• _Work task_: Beginning with the line that includes "Le régulateur PTC-20", return every remaining line of the material exactly as it reads, but not the pictures.

____________________

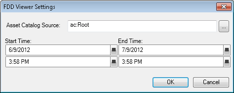 Settings: Opens the FDD Viewer Settings pop-up dialog, where you can select the computer and database for your Asset Catalog Source and specify the start and end times for the time interval containing the fault detection and diagnostics data that appear within the viewer.
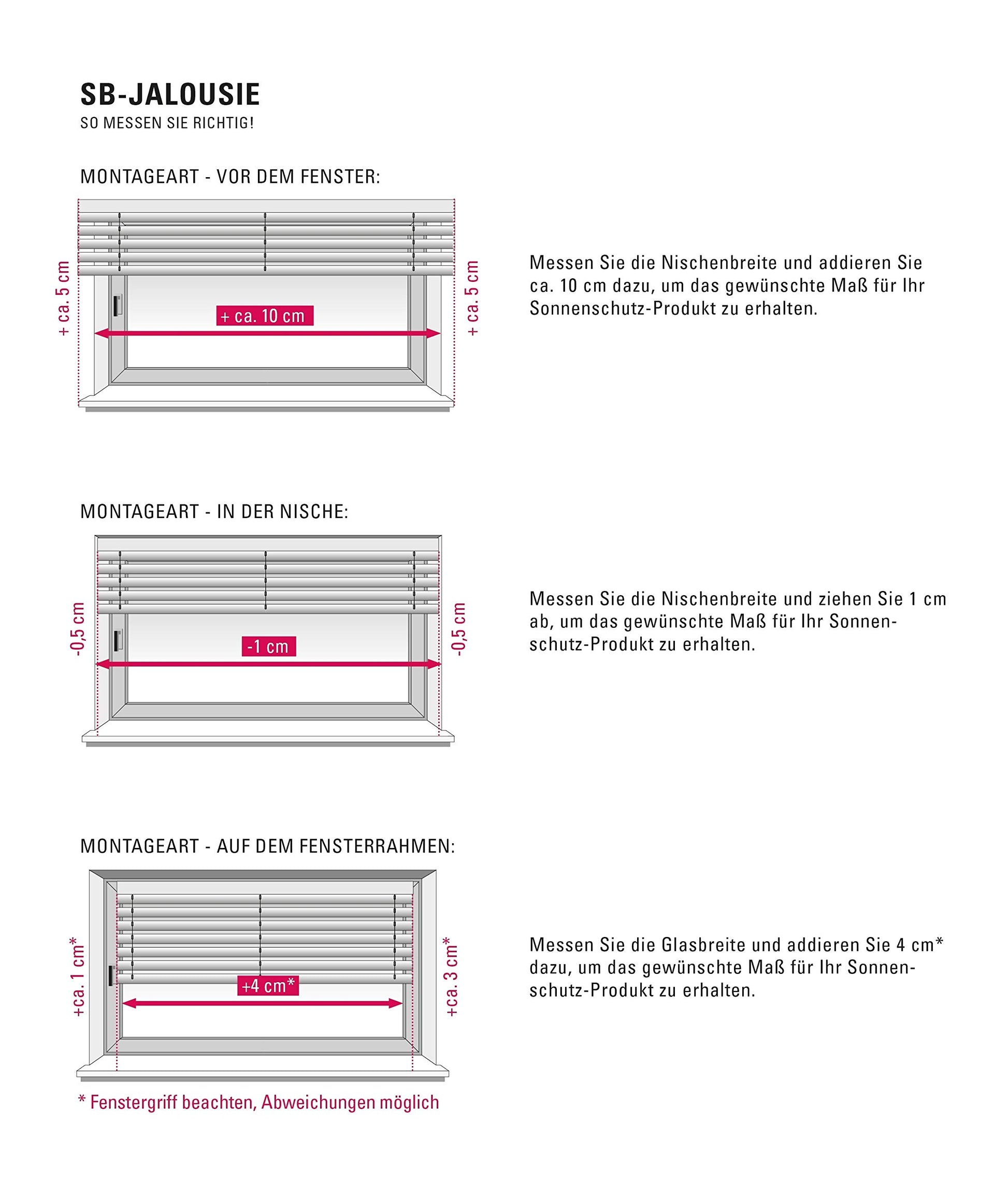 Decorative window decoration: Length-adjustable aluminum blinds with 25 mm wide slats, No complete blackout, Tip: Curvature inwards to protect against sunlight and heat, Slats can be wiped clean with a damp cloth
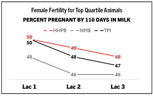 The best HHP$ and TPI cows had similar fertility levels in first lactation and performed slightly better than the high NM$ cows. This shifted slightly in the later lactations as the high HHP$ cows had higher fertility in their second and third lactations than the top cows for TPI and NM$.
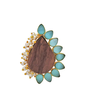 Step into elegance with this one-of-a-kind bejewelled statement ring. Embellised with natural stones, this ring is a meticulously crafted accessory by master artisans from India. A nod to heritage, this ring is 18K gold plated and made to last throughout the years.
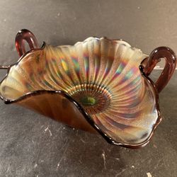 FENTON Vintage Amethyst Strippled Rays Carnival Glass Handled Candy/Trinket Dish (Length: 6-1/4”)$40Dade City, FL
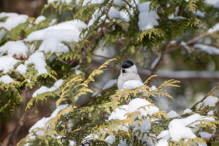 Black-capped chickadee sitting on a branch covered with snow
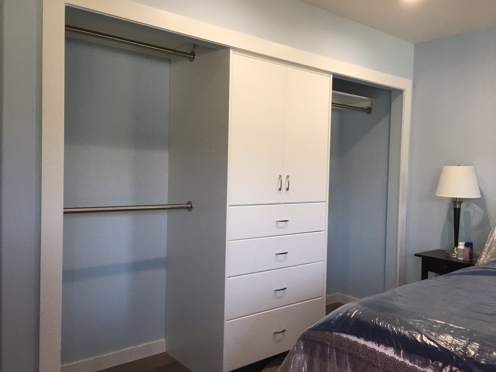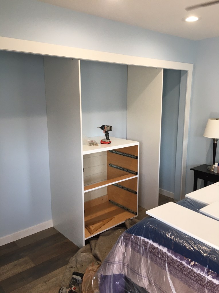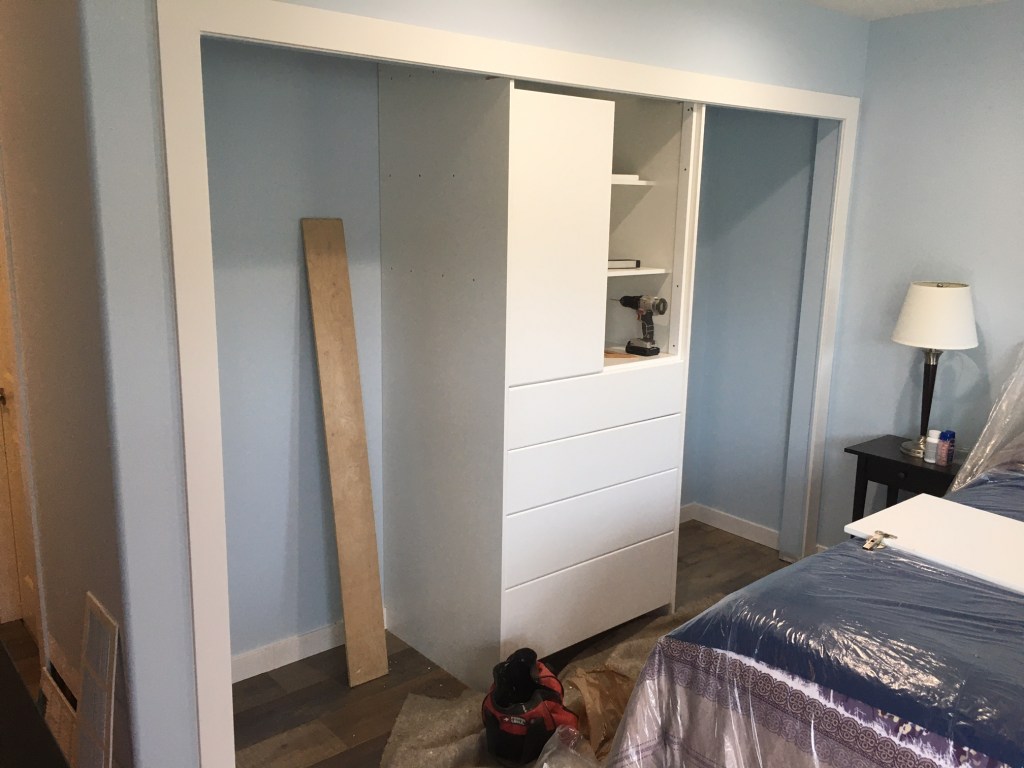She wanted it centered so that a couple of barn doors can be added in the future. So there is a 3 foot wide cabinet with a 3 foot wide space on either side. She also wanted shelves inside right up to the ceiling. And of course some rails for hangers.
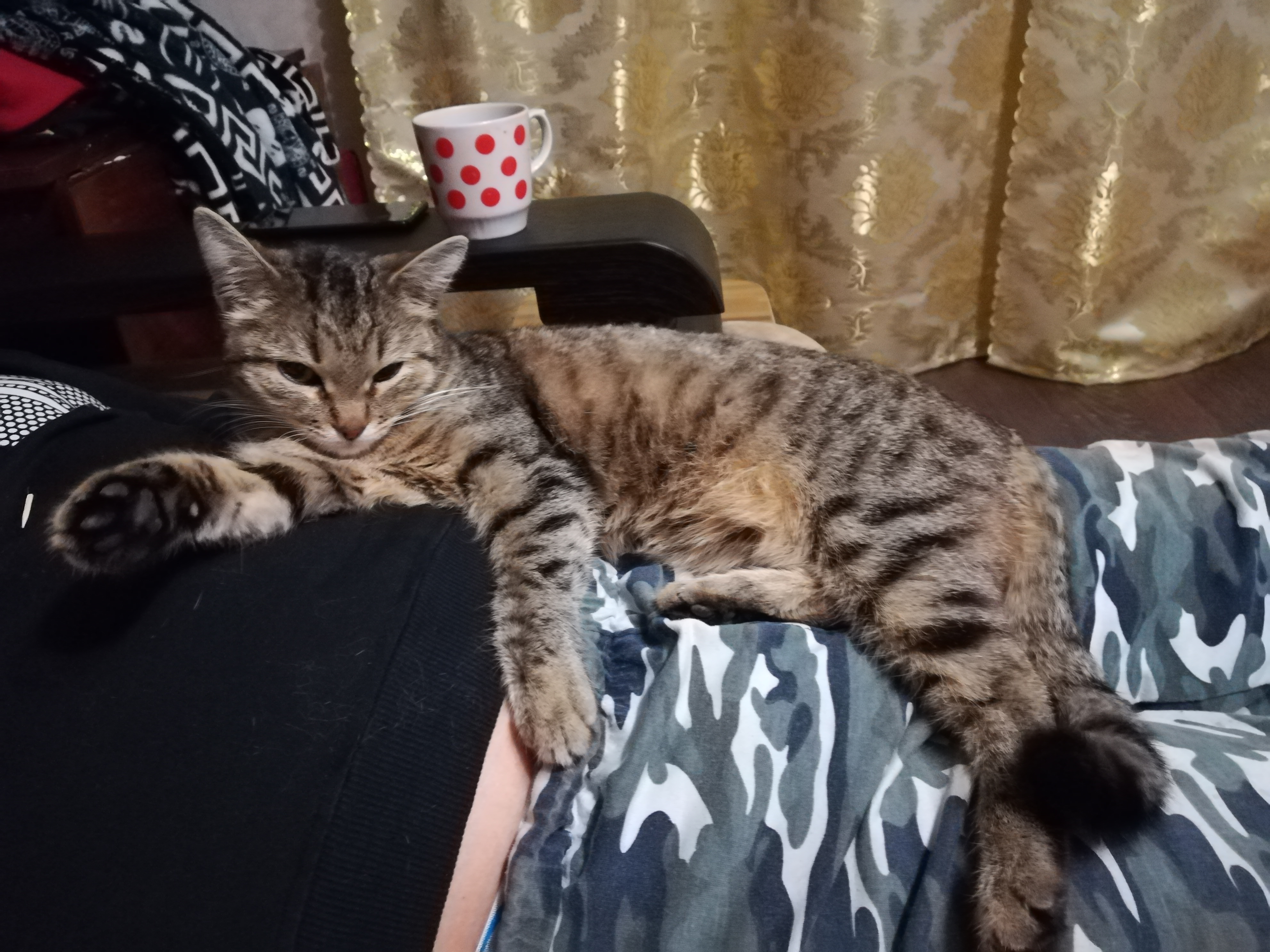 А наша любит полежать на ком нибудь. И любит пальцы вылизывать то на руках, то на ногах
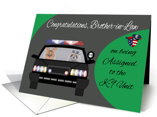 | Artist Notes: | Congratulate your brother-in-law on assignment to the K9 unit with a card featuring a raccoon, Rocky a police officer wearing a hat sitting next to his partner a cute German Shepherd, driving on a gray road surrounded by grass. Background has white and black text and a red, white and blue shield with a hat. Inside like all GCU cards can be personalized by you if you wish to give it your own personal touch. Some elements byJ. Rett Graphics/Scap by Miggins |
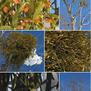 昨日上越のスキー場で見たヤドリギ。 遠くの白い山並みを広く見渡すぶなの樹を明るい黄緑色に飾っていました。 良く見かけるマスカット色の実と異なり、このヤドリギの実は橙色です。 寒さに当たって変色🤔❓と思って調べると稀に橙黄色になるものがあり、アカミヤドリギ と呼ばれるそうです。 ヤドリギの枝や葉は、腰痛や婦人病の薬になるようです。 右下↘️は宿主ブナの殻斗が写っています。
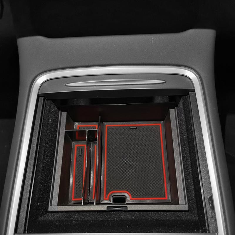 1pc Center Console Armrest Storage Box For Tesla Model 3 Y Accessories - Organizer Box Tray Flocking Lined/Silicone Mat
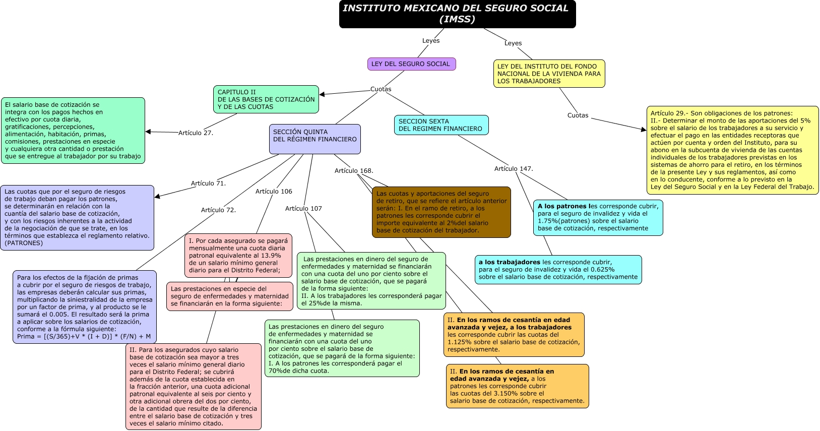 Este Cmap, tiene información relacionada con: IMSS, SECCIÓN QUINTA DEL RÉGIMEN FINANCIERO Artículo 168. II. En los ramos de cesantía en edad avanzada y vejez, a los trabajadores les corresponde cubrir las cuotas del 1.125% sobre el salario base de cotización, respectivamente., SECCIÓN QUINTA DEL RÉGIMEN FINANCIERO Artículo 71. Las cuotas que por el seguro de riesgos de trabajo deban pagar los patrones, se determinarán en relación con la cuantía del salario base de cotización, y con los riesgos inherentes a la actividad de la negociación de que se trate, en los términos que establezca el reglamento relativo. (PATRONES), SECCIÓN QUINTA DEL RÉGIMEN FINANCIERO Artículo 72. Para los efectos de la fijación de primas a cubrir por el seguro de riesgos de trabajo, las empresas deberán calcular sus primas, multiplicando la siniestralidad de la empresa por un factor de prima, y al producto se le sumará el 0.005. El resultado será la prima a aplicar sobre los salarios de cotización, conforme a la fórmula siguiente: Prima = [(S/365)+V * (I + D)] * (F/N) + M, SECCIÓN QUINTA DEL RÉGIMEN FINANCIERO Artículo 107 Las prestaciones en dinero del seguro de enfermedades y maternidad se financiarán con una cuota del uno por ciento sobre el salario base de cotización, que se pagará de la forma siguiente: I. A los patrones les corresponderá pagar el 70%de dicha cuota., SECCIÓN QUINTA DEL RÉGIMEN FINANCIERO Artículo 168. II. En los ramos de cesantía en edad avanzada y vejez, a los patrones les corresponde cubrir las cuotas del 3.150% sobre el salario base de cotización, respectivamente., SECCION SEXTA DEL REGIMEN FINANCIERO Artículo 147. a los trabajadores les corresponde cubrir, para el seguro de invalidez y vida el 0.625% sobre el salario base de cotización, respectivamente, SECCIÓN QUINTA DEL RÉGIMEN FINANCIERO Artículo 168. Las cuotas y aportaciones del seguro de retiro, que se refiere el artículo anterior serán: I. En el ramo de retiro, a los patrones les corresponde cubrir el importe equivalente al 2%del salario base de cotización del trabajador., LEY DEL INSTITUTO DEL FONDO NACIONAL DE LA VIVIENDA PARA LOS TRABAJADORES Cuotas Artículo 29.- Son obligaciones de los patrones: II.- Determinar el monto de las aportaciones del 5% sobre el salario de los trabajadores a su servicio y efectuar el pago en las entidades receptoras que actúen por cuenta y orden del Instituto, para su abono en la subcuenta de vivienda de las cuentas individuales de los trabajadores previstas en los sistemas de ahorro para el retiro, en los términos de la presente Ley y sus reglamentos, así como en lo conducente, conforme a lo previsto en la Ley del Seguro Social y en la Ley Federal del Trabajo., LEY DEL SEGURO SOCIAL Cuotas SECCION SEXTA DEL REGIMEN FINANCIERO, Las prestaciones en especie del seguro de enfermedades y maternidad se financiarán en la forma siguiente: ???? II. Para los asegurados cuyo salario base de cotización sea mayor a tres veces el salario mínimo general diario para el Distrito Federal; se cubrirá además de la cuota establecida en la fracción anterior, una cuota adicional patronal equivalente al seis por ciento y otra adicional obrera del dos por ciento, de la cantidad que resulte de la diferencia entre el salario base de cotización y tres veces el salario mínimo citado., Las prestaciones en especie del seguro de enfermedades y maternidad se financiarán en la forma siguiente: ???? I. Por cada asegurado se pagará mensualmente una cuota diaria patronal equivalente al 13.9% de un salario mínimo general diario para el Distrito Federal;, CAPITULO II DE LAS BASES DE COTIZACIÓN Y DE LAS CUOTAS Artículo 27. El salario base de cotización se integra con los pagos hechos en efectivo por cuota diaria, gratificaciones, percepciones, alimentación, habitación, primas, comisiones, prestaciones en especie y cualquiera otra cantidad o prestación que se entregue al trabajador por su trabajo, SECCIÓN QUINTA DEL RÉGIMEN FINANCIERO Artículo 107 Las prestaciones en dinero del seguro de enfermedades y maternidad se financiarán con una cuota del uno por ciento sobre el salario base de cotización, que se pagará de la forma siguiente: II. A los trabajadores les corresponderá pagar el 25%de la misma., SECCION SEXTA DEL REGIMEN FINANCIERO Artículo 147. A los patrones les corresponde cubrir, para el seguro de invalidez y vida el 1.75%(patrones) sobre el salario base de cotización, respectivamente, LEY DEL SEGURO SOCIAL Cuotas CAPITULO II DE LAS BASES DE COTIZACIÓN Y DE LAS CUOTAS, INSTITUTO MEXICANO DEL SEGURO SOCIAL (IMSS) Leyes LEY DEL SEGURO SOCIAL, INSTITUTO MEXICANO DEL SEGURO SOCIAL (IMSS) Leyes LEY DEL INSTITUTO DEL FONDO NACIONAL DE LA VIVIENDA PARA LOS TRABAJADORES, LEY DEL SEGURO SOCIAL Cuotas SECCIÓN QUINTA DEL RÉGIMEN FINANCIERO, SECCIÓN QUINTA DEL RÉGIMEN FINANCIERO Artículo 106 Las prestaciones en especie del seguro de enfermedades y maternidad se financiarán en la forma siguiente:
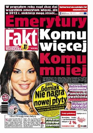 W przyszłym roku rząd chce podwyższyć świadczenia dla emerytów, ale już w 2012 roku wiele osób może na tym stracić; Edyta Górniak nie nagra w najbliższym czasie nowej płyty; czy Anna Komorowska zostanie okrzyknięta królową polskich morsów; Andrzej Gołota wybaczył bandycie i obiecał, że nie będzie się mścił; polscy piłkarze pod wodzą Franciszka Smudy znów zawiedli swoich fanów.
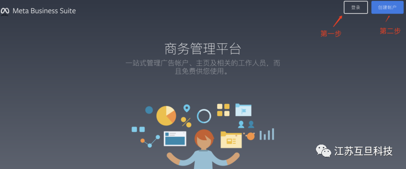 注冊(cè)鏈接:https://business.facebook.com,登錄個(gè)人Facebook賬號(hào),然后點(diǎn)擊創(chuàng)建賬戶(注:一個(gè)FB個(gè)人賬號(hào)最多可以注冊(cè)2個(gè)BM)
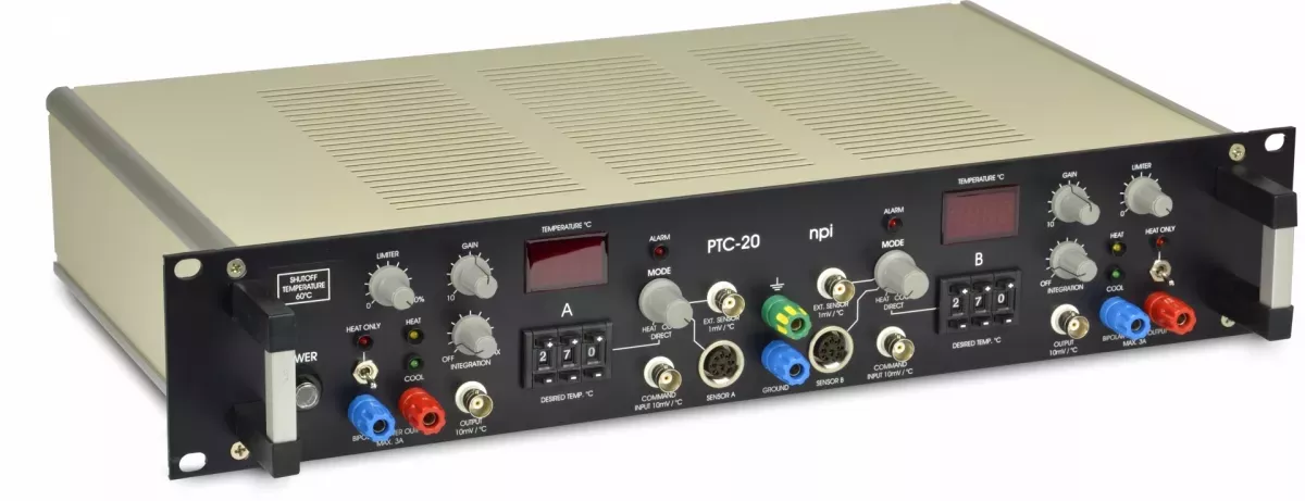 Le régulateur PTC-20 de npi electronic GmbH est conçu pour le chauffage et le refroidissement de préparations en électrophysiologie. Il dispose de deux canaux indépendants, chacun doté d’un thermomètre intégré, d’un affichage numérique et d’une sortie bipolaire protégée pour piloter des éléments Peltier ou des charges résistives. Le système assure un fonctionnement à faible bruit, une sécurité maximale grâce à des protections électroniques, et un contrôle précis via un régulateur PI avec paramètres ajustables. L’interface permet de régler directement la température ou la tension de sortie et d’obtenir des sorties analogiques pour enregistrement externe. Le PTC-20 est monté dans une armoire standard 19 pouces avec bloc d’alimentation intégré.
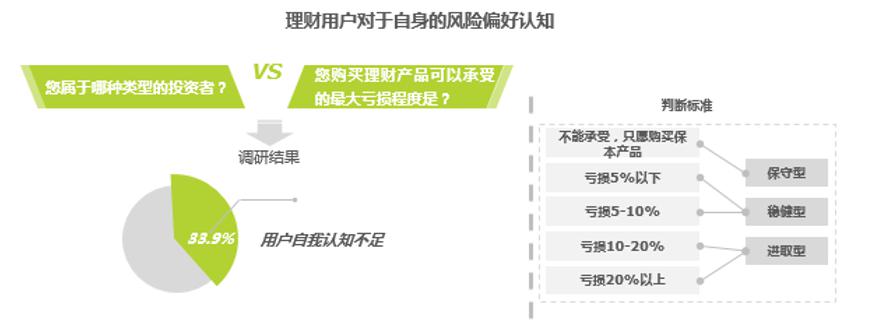33.9%的用戶主觀風險偏好與客觀承受能力并不匹配,比如,“可承受10-20%虧損”的人在投資判斷標準中已經算是進取型,但他卻主觀認為自己是“保守型”用戶。

____________________

• _Worked solution_:
 Le régulateur PTC-20 de npi electronic GmbH est conçu pour le chauffage et le refroidissement de préparations en électrophysiologie. Il dispose de deux canaux indépendants, chacun doté d’un thermomètre intégré, d’un affichage numérique et d’une sortie bipolaire protégée pour piloter des éléments Peltier ou des charges résistives. Le système assure un fonctionnement à faible bruit, une sécurité maximale grâce à des protections électroniques, et un contrôle précis via un régulateur PI avec paramètres ajustables. L’interface permet de régler directement la température ou la tension de sortie et d’obtenir des sorties analogiques pour enregistrement externe. Le PTC-20 est monté dans une armoire standard 19 pouces avec bloc d’alimentation intégré.
33.9%的用戶主觀風險偏好與客觀承受能力并不匹配,比如,“可承受10-20%虧損”的人在投資判斷標準中已經算是進取型,但他卻主觀認為自己是“保守型”用戶。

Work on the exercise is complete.